Austrachelas wassenaari
- Conservation status: Least Concern (IUCN 3.1)

Scientific classification
- Kingdom: Animalia
- Phylum: Arthropoda
- Subphylum: Chelicerata
- Class: Arachnida
- Order: Araneae
- Infraorder: Araneomorphae
- Family: Gallieniellidae
- Genus: Austrachelas
- Species: A. wassenaari
- Binomial name: Austrachelas wassenaari Haddad, Lyle, Bosselaers & Ramírez, 2009

= Austrachelas wassenaari =

- Authority: Haddad, Lyle, Bosselaers & Ramírez, 2009
- Conservation status: LC

Species of spider

Austrachelas wassenaari is a species of spider in the family Gallieniellidae. It is endemic to South Africa.

==Distribution==
Austrachelas wassenaari is endemic to KwaZulu-Natal province, recorded from the northern coastal parts at elevations ranging from 4–56 m above sea level.
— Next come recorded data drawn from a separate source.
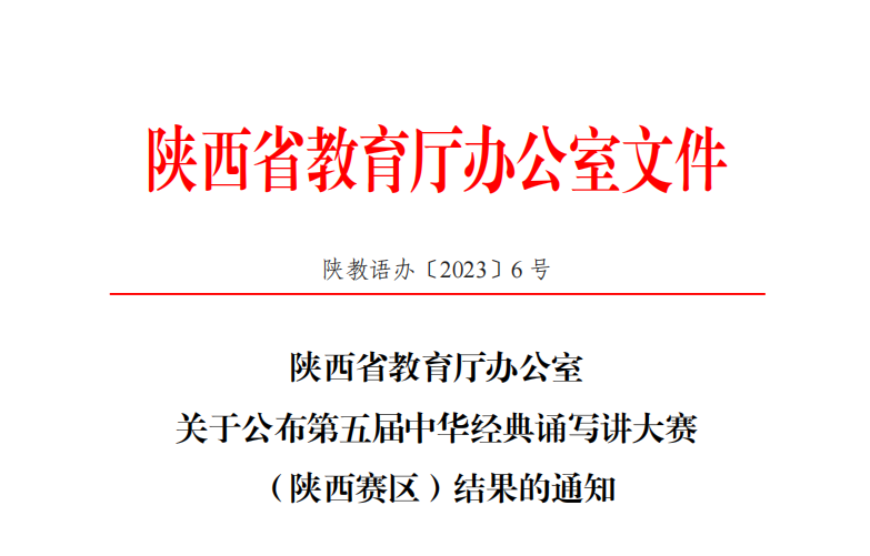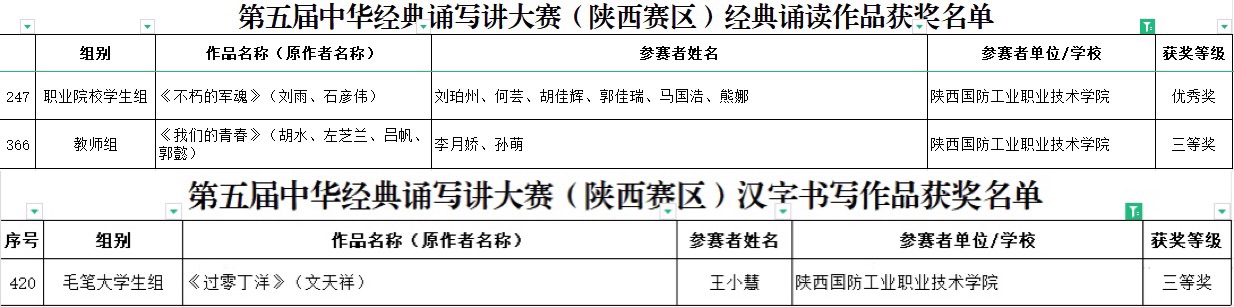 9月25日,陕西省教育厅公布了第五届中华经典诵写讲大赛“诵读中国”经典诵读大赛和“笔墨中国”汉字书写大赛两个赛项的省级比赛作品评选结果。其中,由李月娇、孙萌两位教师报送的经典诵读作品《我们的青春》荣获教师组三等奖,由经济管理学院报送的经典诵读作品《不朽的军魂》荣获职业院校学生组优秀奖;由人工智能学院报送的汉字书写作品《过零丁洋》荣获毛笔大学生组三等奖。
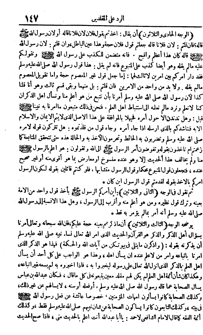 يُوضحهُ الْوَجْه الثَّالِث وَالثَّلَاثِينَ أَن مَا ذكرْتُمْ بِعَيْنِه حجَّة عَلَيْكُم فَإِن الله سُبْحَانَهُ وَتَعَالَى أمرنَا بسؤال أهل الذّكر وَالذكر هُوَ الْقُرْآن والْحَدِيث الَّذِي أَمر الله تَعَالَى نسَاء نبيه ص أَن يذكرنه بقوله {واذكرن مَا يُتْلَى فِي بيوتكن من آيَات الله وَالْحكمَة} فَهَذَا هُوَ الذّكر الَّذِي أمرنَا باتباعه وَأمر من لَا علم عِنْده أَن يسْأَل أَهله وَهَذَا هُوَ الْوَاجِب على كل أحد أَن يسْأَل اهل الْعلم بِالذكر الَّذِي أنزل الله تَعَالَى على رَسُوله ليخبروا بِهِ فَإِذا أَخْبرُوهُ بِهِ لم يَسعهُ غير اتِّبَاعه وَهَكَذَا كَانَ شَأْن أَئِمَّة أهل الْعلم لم يكن لَهُم مقلد معِين يتبعونه فِي كل مَا قَالَ فَكَانَ عبد الله بن عَبَّاس يسْأَل الصَّحَابَة عَمَّا قَالَه رَسُول الله صلى الله عَلَيْهِ وَسلم أَو فعله أَو سنه لَا يسألهم عَن غير ذَلِك وَكَذَلِكَ الصَّحَابَة كَانُوا يسْأَلُون أُمَّهَات الْمُؤمنِينَ خُصُوصا عَائِشَة عَن فعل رَسُول الله صلى الله عَلَيْهِ وَسلم فِي بَيته وَكَذَلِكَ التابعون كَانُوا يسْأَلُون الصَّحَابَة عَن شَأْن نَبِيّهم ص فَقَط وَكَذَلِكَ أَئِمَّة الْفِقْه كَمَا قَالَ الإِمَام الشَّافِعِي لِأَحْمَد يَا أَبَا عبد الله أَنْت أعلم بِالْحَدِيثِ مني فَإِذا صَحَّ الحَدِيث
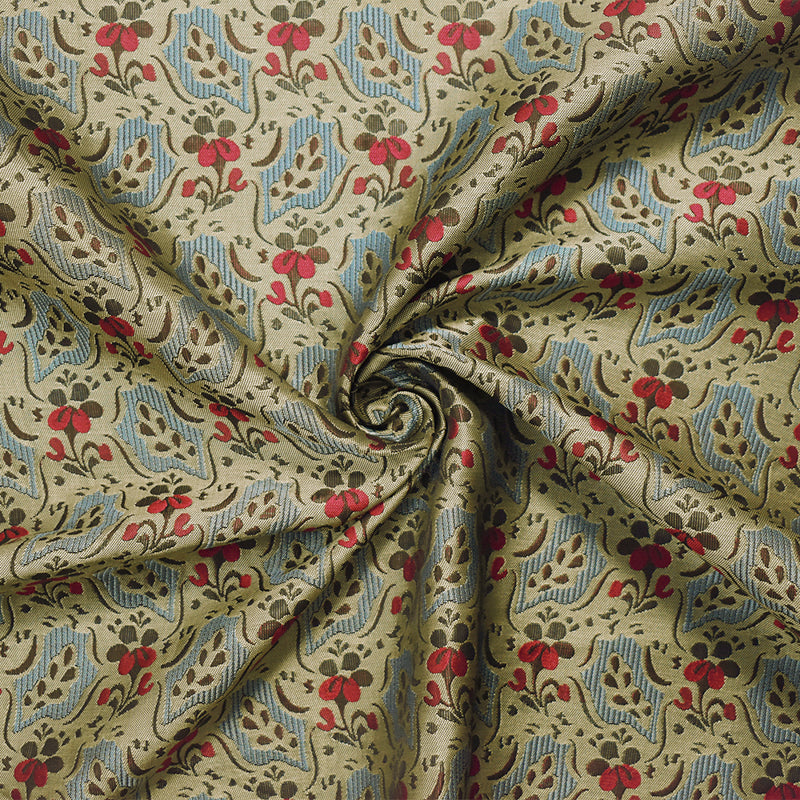-100% polyester jacquard woven fabric with an abstract shapes and floral elements

Known localities include iSimangaliso Wetland Park (Fanie's Island) and Richards Bay.

==Habitat==
The species has been found in rehabilitated coastal dune forests previously mined near Richards Bay. As a ground dweller, it appears able to survive habitat modification. It occurs within the Indian Ocean Coastal Belt Biome.

==Description==

Both sexes are known. The opisthosoma displays chevron markings.

==Conservation==
Austrachelas wassenaari is listed as Rare due to its small restricted distribution range. The species is protected in iSimangaliso Wetland Park, but additional sampling is needed to determine its full range.